The gases present in the system and the group of GAS
There is a multitude of potentially explosive GASs. The standard has classified the various GASs according to standard parameters.The first classification divides the GAS into groups of GAS, the second classification divides the GAS into temperature classes.
In the first classification in groups of GAS, the substances were tested and classified according to two parameters: the MESG and the MIC. The MESG measures the difficulty of containing the explosion, the MIC the ease of triggering the explosion.

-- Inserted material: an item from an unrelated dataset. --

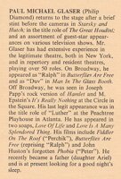 Then Mr. Pleasence takes off in flight. As the play, imperceptively at first, loses touch with life, so then does Mr. Pleasence. Now he is a monster, now the acting is melodramatic, but wonderfully melodramatic. A year ago Mr. Pleasence had difficulty with his accent---now this is perfect, and the change is typical of the honing process that the whole role has undergone. So that toward the end when the eyes glitter beadily in a tight-skinned skull, or, right at the conclusion, beaten like an old monkey yet still stubbornly defending his madness, Mr. Pleasence shows more than a touch of genius. But then so does Mr. Pinter. He has directed the play with just the right regard for shifts of emotion that Hitchcock shows in the movies. It reminded me of what a fine movie The Man in the Glass Booth might very well become..."one of the ten best stage performances I have ever seen."...Tom Prideaux of LIFE MAGAZINE
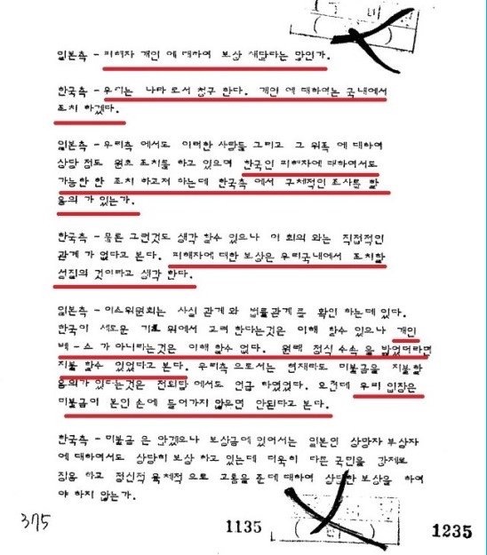 また、この日公開された外交文書には65年韓日請求権協定に関連して、「個人請求権」を巡る両国の過去の認識を垣間見れる内容も入れられた。尹錫悦(ユン・ソクヨル)大統領は3月21日の国務会議で「韓日請求権協定は韓国政府が個人請求権を一括代理して日本の支援金を受領するとされている」とし、個人請求権が消滅したという趣旨で言及した。

Based on these parameters, the GASs are divided into groups IIA, IIB and IIC.
Graph 1
Without going into the technical details of the classification, we can be simplified by saying that: going from group IIA to group IIC, the difficulty in containing the explosion increases while the ignition energy required for the explosion decreases.
In summary: the difficulty in managing the risk of explosion increases when passing from a GAS of group IIA to a GAS of group IIC. To make this classification less abstract, it may be useful to memorize some particularly significant gases of the relative Group (see Table 2).
The temperature classes
The second classification is related to the ignition temperature of the gas (see Table 3).
For example, Benzaldehyde, which has an auto-ignition temperature of 192° C, will be classified in the T4 temperature class. Hydrogen, which has an auto-ignition temperature of 560° C, will be classified in the T1 temperature class. [5]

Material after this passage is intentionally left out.